# Timber Window Supplier



## BMD (28 Feb 2011)

Hi,

I wanted to get some advice regarding window suppliers. I have narrowed it down to two options;

1. Iroko Triple glazed windows U value 1.0 from Carey Joinery
2. Iroko Triple glazed windows U value 1.1 from another window supplier in the south.

There is a cost difference of €5,000 between the two (I wont say which are dearer so as not to prejudice the advice). I just wanted to get some advice as to which company I should go with?


----------



## NHG (1 Mar 2011)

Why do you want triple glazing? Have you got large glazed areas. Unless it is a 42mm triple glazed unit the uValue will be the same as a double glazed unit but alot dearer


----------



## WEAQ (1 Mar 2011)

is the company a supplier of the window or manufacturer?.there is a great difference, especially if things are wrong from order as suppliers take longer to rectify things as manufacturers can sort most things out pretty quickly.how many windows are involved as iroko is a specialised hardwood and to have only 2 quotes seems a bit odd .i deal with the trade but could recommened 4 or 5 different suppliers if you need .


----------



## BMD (1 Mar 2011)

They are both manufacturers. there are ~ 30 windows. I have got in the region of 10 quotes but have narrowed it down to these two companies as they represent the best value.

On the other question, I have alot of glazed areas and the U value on the triple is better than on the double.

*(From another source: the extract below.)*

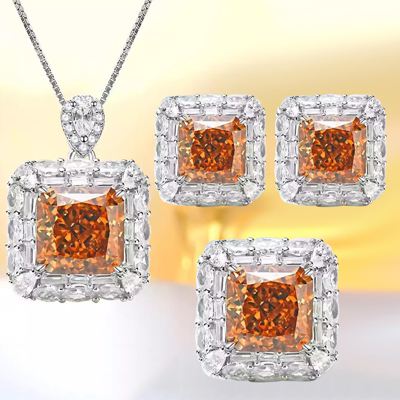 | nameOriginal | Heavy Industry Luxury Square Diamond Morgan Ice Flower Cut suit Papalacha Pendant Inlaid with High Carbon Diamond Earrings Color Treasure Ring |
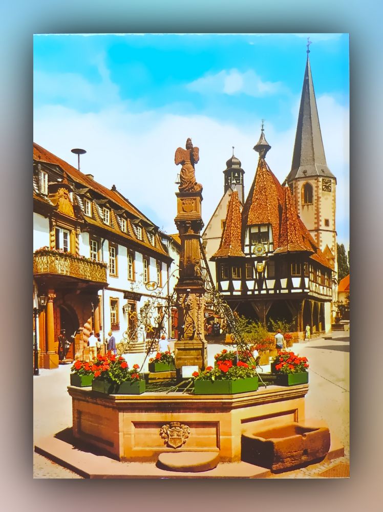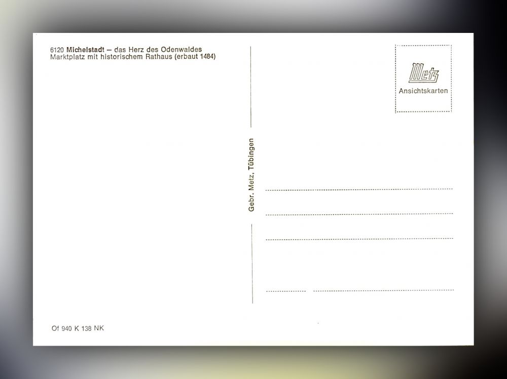 6120 Michelstadt - das Herz des Odenwaldes - Marktplatz mit historischem Rathaus (erbaut 1484) - Postkarte

Carey have a six year guarantee while the other company has 10 years


----------



## Brigid (1 Mar 2011)

A friend of mine recently switched from a large southern window supplier as they were unable/unwilling to give certificates regarding the u-value in advance of making the order.  It may be something worth considering before you make up your mind.


----------



## WEAQ (3 Mar 2011)

who is the other supplier as without there name i could not testify to there standing in the trade.you can pm me if you want


----------



## BMD (4 Mar 2011)

just PM'd you WEAQ


----------



## BMD (18 Jul 2011)

Went with Carey in the end..great looking window but their level of service after the sale wasn't great. Had a couple of windows that were installed poorly and they were very unresponsive when it came to getting these rectified.


----------